II
Bea and Miles Bjornstam were married in June, a month
after "The Girl from Kankakee." Miles had turned respectable.
He had renounced his criticisms of state and society;
he had given up roving as horse-trader, and wearing red
mackinaws in lumber-camps; he had gone to work as engineer
in Jackson Elder's planing-mill; he was to be seen upon the
streets endeavoring to be neighborly with suspicious men whom
he had taunted for years.
Carol was the patroness and manager of the wedding.
Juanita Haydock mocked, "You're a chump to let a good hired
girl like Bea go. Besides! How do you know it's a good
thing, her marrying a sassy bum like this awful Red Swede
person? Get wise! Chase the man off with a mop, and hold
onto your Svenska while the holding's good. Huh? Me go to
their Scandahoofian wedding? Not a chance!"
The other matrons echoed Juanita. Carol was dismayed by
the casualness of their cruelty, but she persisted. Miles had
exclaimed to her, "Jack Elder says maybe he'll come to the
wedding! Gee, it would be nice to have Bea meet the Boss
as a reg'lar married lady. Some day I'll be so well off that
Bea can play with Mrs. Elder—and you! Watch us!"

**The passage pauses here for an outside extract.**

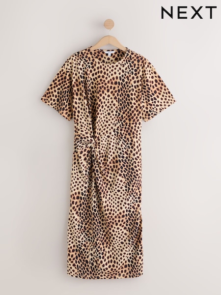 Leopard Print Jersey Twist T-Shirt Summer Dress

There was an uneasy knot of only nine guests at the service
in the unpainted Lutheran Church—Carol, Kennicott, Guy
Pollock, and the Champ Perrys, all brought by Carol; Bea's
frightened rustic parents, her cousin Tina, and Pete, Miles's
ex-partner in horse-trading, a surly, hairy man who had bought
a black suit and come twelve hundred miles from Spokane for
the event.
Miles continuously glanced back at the church door. Jackson
Elder did not appear. The door did not once open after
the awkward entrance of the first guests. Miles's hand closed
on Bea's arm.
He had, with Carol's help, made his shanty over into a
cottage with white curtains and a canary and a chintz chair.
Carol coaxed the powerful matrons to call on Bea. They
half scoffed, half promised to go.
Bea's successor was the oldish, broad, silent Oscarina, who
was suspicious of her frivolous mistress for a month, so that
Juanita Haydock was able to crow, "There, smarty, I told you
you'd run into the Domestic Problem!" But Oscarina adopted
Carol as a daughter, and with her as faithful to the kitchen as
Bea had been, there was nothing changed in Carol's life.